Litestream to Cloudflare R2: Disaster Recovery for SQLite

SQLite on a single free VM is one disk failure away from gone. No replica, no managed snapshot, no friendly cloud dashboard offering point-in-time restore. Just a .db file on a block volume that Oracle hands you for free and is under no contractual obligation to keep alive.

I run more than a dozen PocketBase backends on one Always Free Oracle ARM box. Two of them have real users. For months I had decent uptime and zero offsite copy of those databases, which is a polite way of saying I had no disaster recovery at all. A system audit flagged it as the single existential gap in the whole setup: live production data, real users, nothing replicated off the instance.

The fix is continuous replication. Litestream watches each SQLite database and ships every change to Cloudflare R2 as it happens. The VM stops being something I have to protect and becomes something I can lose. Kill the box, provision a fresh one, restore from R2, and I am out maybe a few minutes of writes. The whole point: a free VM should be a box you can throw away without flinching.

Why R2 specifically

Litestream replicates to any S3-compatible object store.
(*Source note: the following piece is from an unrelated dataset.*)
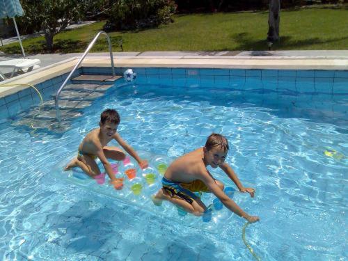 Zwembad prima, tuin met kinderspeelgoed loopauto. glijbaan,veel goede toeristische info en veel leesboeken (ook veel nederlandstalige leesboeken). Dit verwacht je eigenlijk niet. Dus heel goed. Bij aankomst troffen we een boeketje kruiden uit eigen tuin. Verder coffee,thee, vruchtensap.

I picked Cloudflare R2 for one reason that matters more than the rest: no egress fees.

Backup tools have an asymmetry. You write small and often, you read big and rarely, and the reads happen at the worst possible time: a box is already dead and you are restoring a full database under pressure. On most object stores that restore download is billed egress. On R2, egress is free. You pay for storage and operations, not for pulling your own data back in a crisis. For a setup where the entire compute bill is zero, a backup target that also stays near zero is the honest match.

The rest of the fit is ordinary and that is good:

• R2 speaks the S3 API, so Litestream treats it as a generic S3 endpoint with no special casing.
• R2 has a free tier with a standing storage allowance and a monthly floor of free Class A and Class B operations, which comfortably covers a handful of small SQLite databases.
• It sits in the same Cloudflare account I already use for DNS and Pages, so there is one less vendor in the stack.
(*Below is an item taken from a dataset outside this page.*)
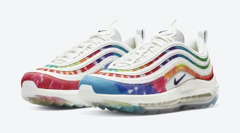 Nejnovější kolekce oblíbeného modelu Nike Air Max 97 je připravena pro letní sezónu v designovém tématu „Tie Dye“. Kolekce golfové obuvi je v barevné kombinaci bílé, modré, zelené, červené a žluté barvy.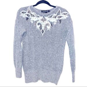 I.b. DIFFUSION SILK ANGORA rabbit WOOL EMBROIDERED SWEATER nylon lambswool SOFT

No egress is the load-bearing reason. Everything else is convenience.

Litestream config for PocketBase

PocketBase stores its data as a SQLite database inside the data directory. Point Litestream at that file and at an R2 bucket, and it handles the rest.
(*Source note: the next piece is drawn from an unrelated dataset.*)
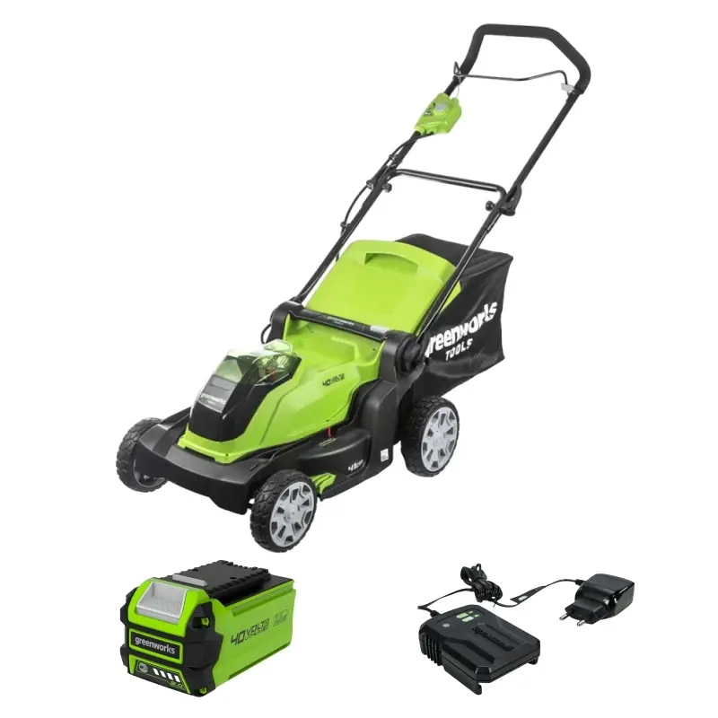 Благодаря тому, что питание косилки происходит от аккумулятора, ее вес меньше по сравнению с аналогами на бензиновых двигателях. Отсутствует вредный для вашего здоровья фактор выхлопов, уменьшен уровень шума и вибрации. Машина не требует дополнительного технического обслуживания, так как производитель снабдил модель достаточным количеством смазки внутренних движущихся деталей. Газонокосилка Greenworks G40LM41 оборудована корпусом из специального «мягкого» пластика, который не потрескается при попадании в него мелких камешков в процессе эксплуатации. Двигатель и лезвия защищены от механических повреждений специальной системой на случай попадания твердых объектов. Рукоятка складывается для удобства при транспортировке и хранении.

R2 gives you an S3-compatible endpoint shaped like https://<accountid>.r2.cloudflarestorage.com. You generate an R2 API token scoped to that bucket, which yields an access key id and a secret access key. One thing worth knowing up front: a general Cloudflare API token cannot do R2 S3 operations. You mint a dedicated R2 token from the R2 section of the dashboard for this, separate from whatever token runs your DNS or Pages deploys.

Here is the litestream.yml I run, redacted:

# /etc/litestream.yml
access-key-id: ${LITESTREAM_ACCESS_KEY_ID}
secret-access-key: ${LITESTREAM_SECRET_ACCESS_KEY}

dbs:
  - path: /pb/pb_data/data.db
    replicas:
      - type: s3
        endpoint: https://<accountid>.r2.cloudflarestorage.com
        bucket: my-pb-backups
        path: taxwalaai/data.db
        region: auto
        force-path-style: true
        # how often a full snapshot is taken; WAL frames stream continuously
        snapshot-interval: 12h
        # how long old generations are kept for point-in-time restore
        retention: 72h

Credentials come from the environment, never the YAML in a repo, and the secrets live outside any synced directory. R2 wants region: auto and path-style addressing. Give each database its own path prefix inside the bucket so one R2 bucket holds every database in the fleet without collisions, one prefix per project. To replicate several PocketBase instances on the same box, list each as another entry under dbs with its own path and prefix. Litestream replicates them in parallel from a single process.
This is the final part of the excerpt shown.